In fact, USA Today and the Knight Commission found that correlation in a study that showed “programs who receive the most from generous donors tend to have a heightened advantage against others through recruiting success, coaching prestige, facility enhancements and other upgrades,” as 247Sports’ Brad Crawford put it.
Since schools and booster organizations like the Razorback Foundation don’t manage NIL funds, we don’t know exactly how much people are contributing to Arkansas’ NIL efforts and how that compares to other schools. Arkansas has been able to lure high-level transfers in several sports, so it feels like the Razorbacks are doing well in that regard, possibly better than they’re doing in “traditional” donations.
In that latter realm, Arkansas athletics isn’t receiving as much help, relative to other programs, as many would expect.
NIL and Arkansas Football
According to the aforementioned study, Arkansas ranks 32nd nationally and 10th in the SEC in donations over the last 17 years (rankings do not include private schools). That’s below the likes of Missouri (No. 31), West Virginia (No. 27) and Illinois (No. 26). Arkansas’ No. 32 ranking in booster donations is out of line with its No. 20 ranking in total athletic revenue, which is well ahead of Mizzou (No. 28), West Virginia (No. 45) and Illinois (No. 24).
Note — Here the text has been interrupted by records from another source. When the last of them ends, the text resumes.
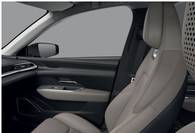
Sellerie synthétique « Beige »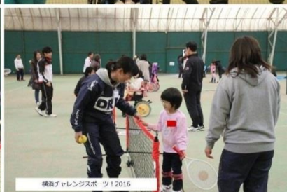
横浜チャレンジャーズスポーツ 2016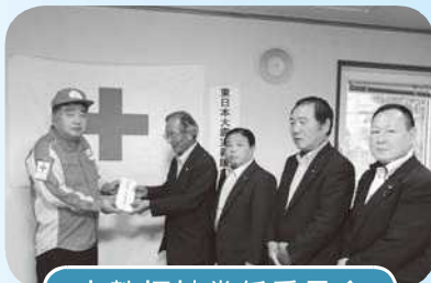
文教福祉常任委員会

玉村町議会は、日本赤十字群馬県支部を通して、東日本大震災の被災地に義援金を送っています。義援金は、議員の募金によるもので、震災発生後の3月に、1人6万円（総額96万円）を送りました。今後も、9月まで毎月1人1万円（月16万円）を継続して送っていきます。（4月以降、各常任委員会が毎月交代で日赤へ届けています。）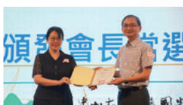
頒發新任林盈利會長當選證書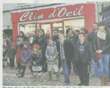
Cholet, place du Puits-de-l'Aire, hier. Un public attentif aux animations proposées par le collectif Jamais trop d'art.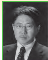
写真部門 富谷 正弘 (社)日本広告写真家 協会正会員 (APA)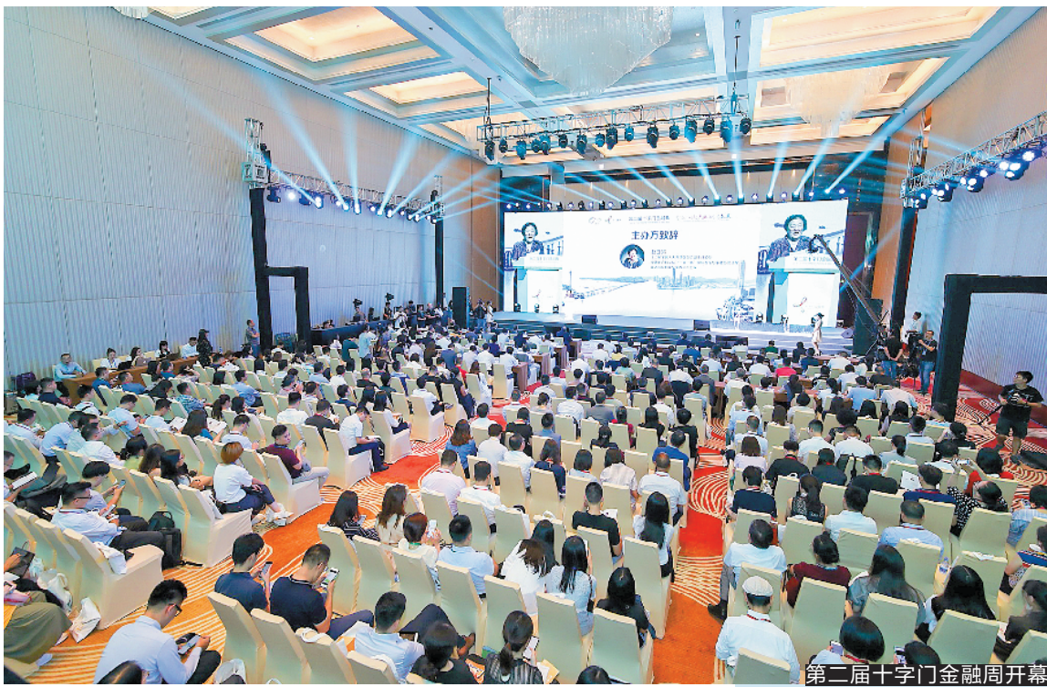
第二届十字门金融周开幕

This disparity indicates that while fans of Arkansas football overall are passionate and punch well above their weight relative to the state’s population, the same can’t be said specifically for the program’s boosters – outside of NIL collectives like One Arkansas, at least.
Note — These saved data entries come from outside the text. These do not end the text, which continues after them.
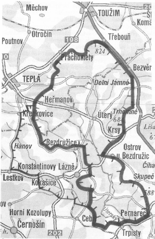
Doporučená (silně) a maximální (slabě) varianta navrhovaného přírodního parku Tepelské vrchy - Úterský potok.

nadzemní vedení jsou mimo navrhovaný přírodní park (netýká se vedení menších rozměrů). Nepříjemnými a bohužel častými dominantami krajiny jsou rozlehlé zemědělské areály na okrajích obcí z období budování socialistické velkovýroby v 2. polovině 20. století. Z té doby pochází i členění zemědělských pozemků do velkých lánů, bezesporu další negativní dopad na krajinu, dnes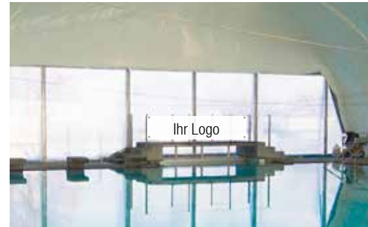
Logo-Präsenz in der Halle

Plus einmalige Kosten für Herstellung Werbebanner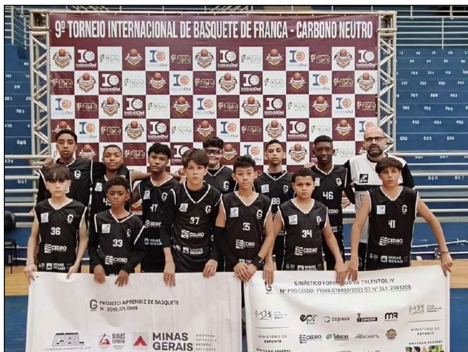
9º Torneio Internacional de Basquete de Franca.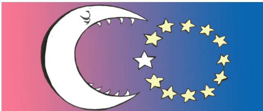
Ilustração 2: A Turquia na Europa 14

A segunda imagem apresentada (ver Ilustração 2), que não deixa de se envolver de uma certa polémica, refere-se, fundamentalmente, à temática da adesão da Turquia à União Europeia, pretendendo-se com a sua apresentação, para além de identificar as reações imediatas dos participantes à mesma, incitar a um debate relativo à questão da adesão da Turquia à UE que possibilite aceder às suas imagens e atitudes face a esta temática e, simultaneamente, aferir, através dos enfoques realizados no contexto das dinâmicas de grupo criadas, quais as dimensões (e.g., geopolítica, económica, cultural, religiosa) que se apresentam como fulcrais na constituição e expressão dessas mesmas imagens e atitudes.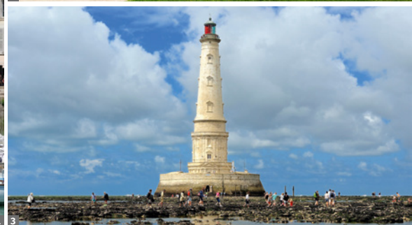
1 La Rochelle 2 Châtres 3 Leuchtturm Cordouan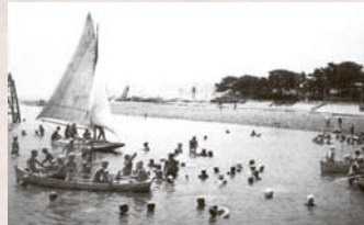
春日浦海水浴場(昭和20年代)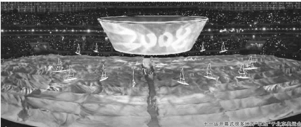
十一运开幕式很多地方“取经”于北京奥运会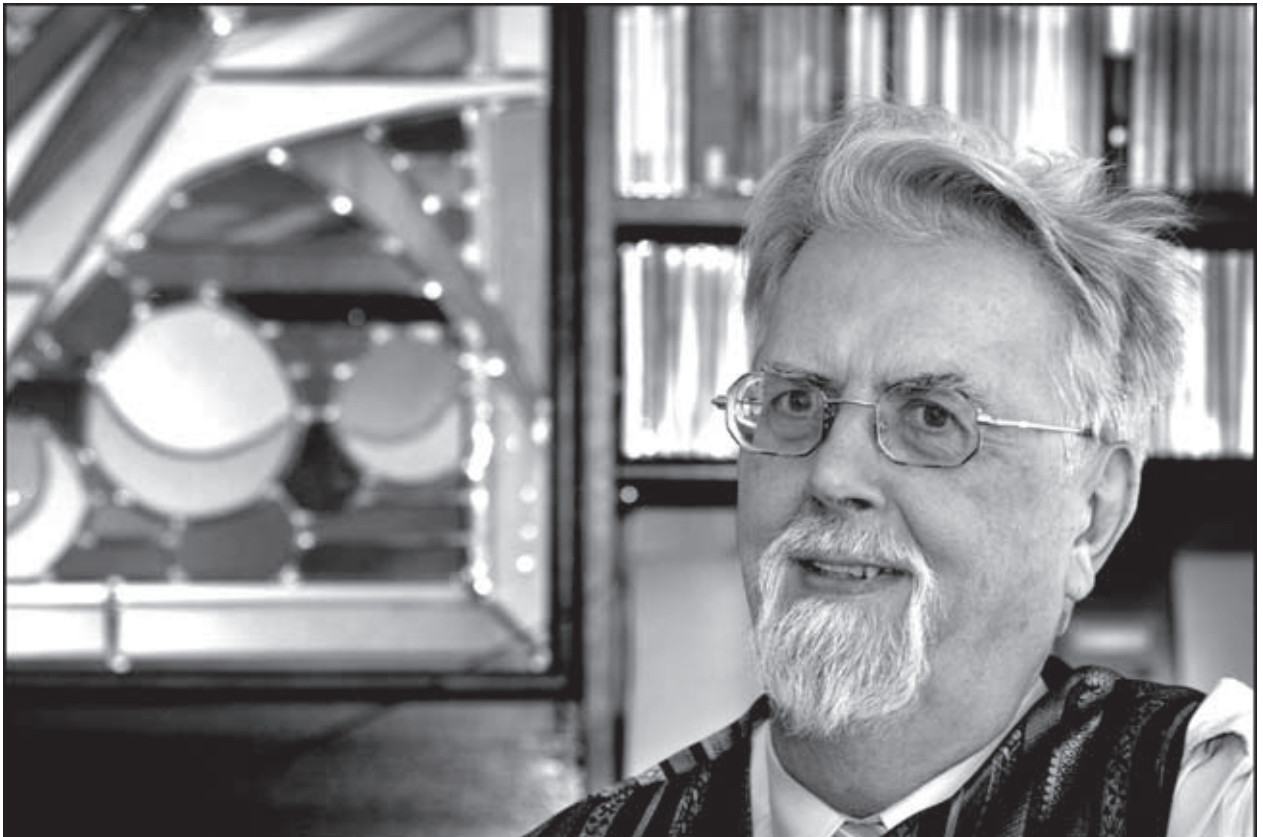
“De harde interviewer is niet altijd degene die het meest bovenspit.”

es staan bestsellers als De keien van de Wetstraat , Sire geef me honderd dagen , Omtrent Wilfried Martens , “Ben ik alleen maar de man die de schijnwerper bedient opdat bepaalde mensen goed in het licht staan?”

The influx of wealth into Northwest Arkansas over those 17 years has not led to the competitive advantage many imagined, at least not in terms of traditional donations and on-field success in football. (It does appear to have helped in other sports.)
It’s easy for desperate fans to imagine the wealthy individuals and corporations of Northwest Arkansas could simply buy enough of the best players for the Razorbacks to compete at the highest level of the SEC. But pretty much every SEC fanbase has its own collection of wealthy supporters, and if the investments in the program don’t translate to results on the field, who could blame them if they decided to slow down those contributions (if not stop altogether) until a significant change is made in the program?
Sam Pittman has been a successful offensive line coach for a long time, and it’s earned him the chance to earn several millions of dollars in his current position. As long as there is another game to play, he and the team have an opportunity to win and change the mood around the Arkansas football program. There are several examples of teams overcoming bad losses in September and still having successful seasons. Everyone likes Pittman and wants him to succeed, but he needs quickly find that magic with the offensive line that landed him in his position in the first place.
*While the non profit-oriented One Arkansas NIL collective isn’t a part of the Razorbacks’ athletic department per se, it is associated with the Razorback Foundation, the athletic department’s essentially private fundraising arm. As Hunter Yurachek explained it in a Sept 18 interview with The Buzz 103.7 FM, “it enters into an ambassador agreement with our student-athletes, [who] are tied to a charitable organization.” They are in turn paid by the organization for promotion of the group’s cause (eg KJ Jefferson raising money for the United Way in Mississippi for flood relief).
The Razorback Foundation’s job is ensure that the student-athlete actually does the job required before the money is paid.